Using high content imaging (HCI), scientists found that inadequate outcomes from natalizumab treatment are associated with different actin remodeling responses in CD8.+ T cells and their ability to extend even when under the influence of drugs. The cells form and become more vertical. These findings were published in the journal Natural Communication.

“The results are important as they can avoid improving the quality of life of patients, unnecessary side effects and delayed treatment, and cost optimization, as in the case of SUS in Brazil. Chaves is currently a researcher at the Institute for Infectious Inflammation in Toulouse (Infinity), France, but has been studying multiple sclerosis for many years in the local unit of the Oswald Ceará, the state of Ceará, Brazil.

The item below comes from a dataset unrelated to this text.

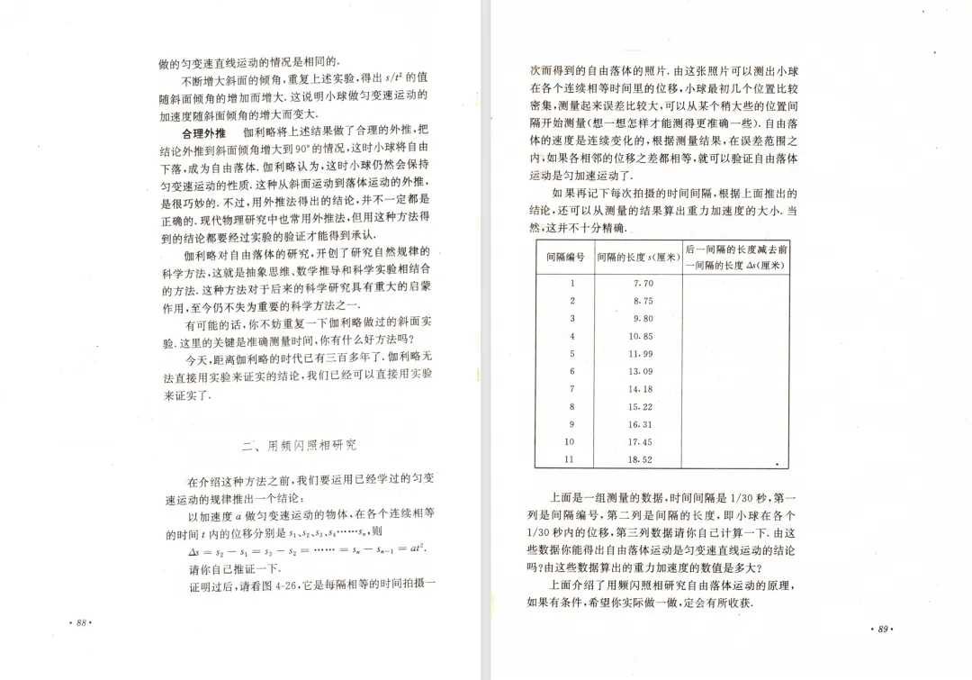 在第二部分,介绍用频闪照相研究自由落体运动。这部分核心内容是开头给出的结论:自由落体运动相邻的相等时间内通过的位移差是定值。
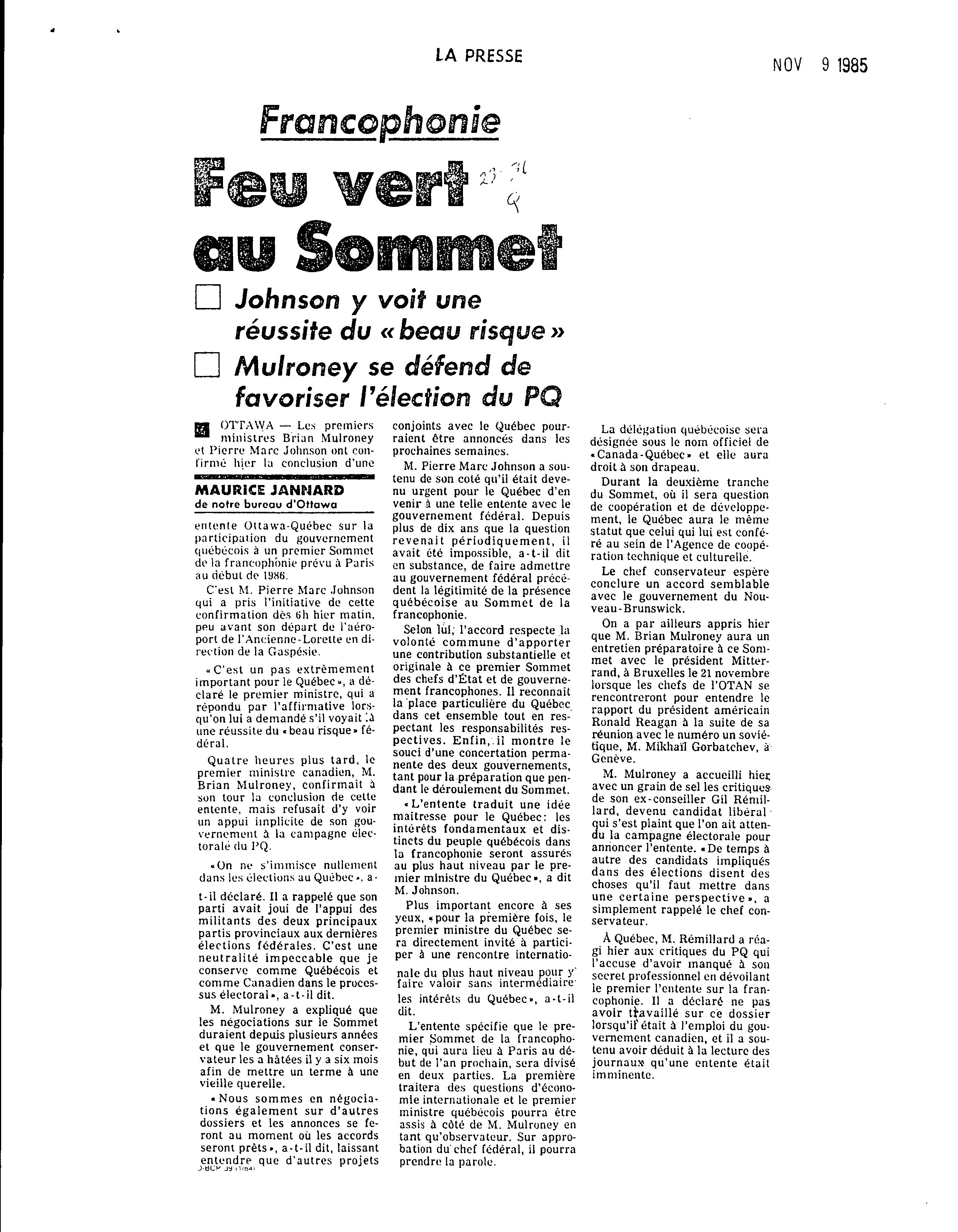 - Le Sommet francophone Paris du 17 au 19 février 1986 = The Francophone Summit Paris February 17 to 19, 1986. Press review (Feb. 17/19 1986)

Multiple sclerosis (MS) is an autoimmune, inflammatory, and degenerative neurological disease that affects the central nervous system, leading to exercise, cognitive, and psychiatric disorders. Symptoms range from loss of muscle strength to difficulty walking, memory loss, difficulty in paying attention, and mood swings. It is estimated that 2.8 million people worldwide have MS, including around 40,000 in Brazil. Most diagnosis occurs in young adults between the ages of 20 and 50, with women being affected two to three times more than men.

Solve the system

High Content Cell Imaging (HCI) combines advanced microscopy techniques with automated image analysis to extract multiple cell-by-cell information, including shape and size, organelles distribution, protein localization, drug responses, and genetic disorders. HCI is mostly used in cancer research.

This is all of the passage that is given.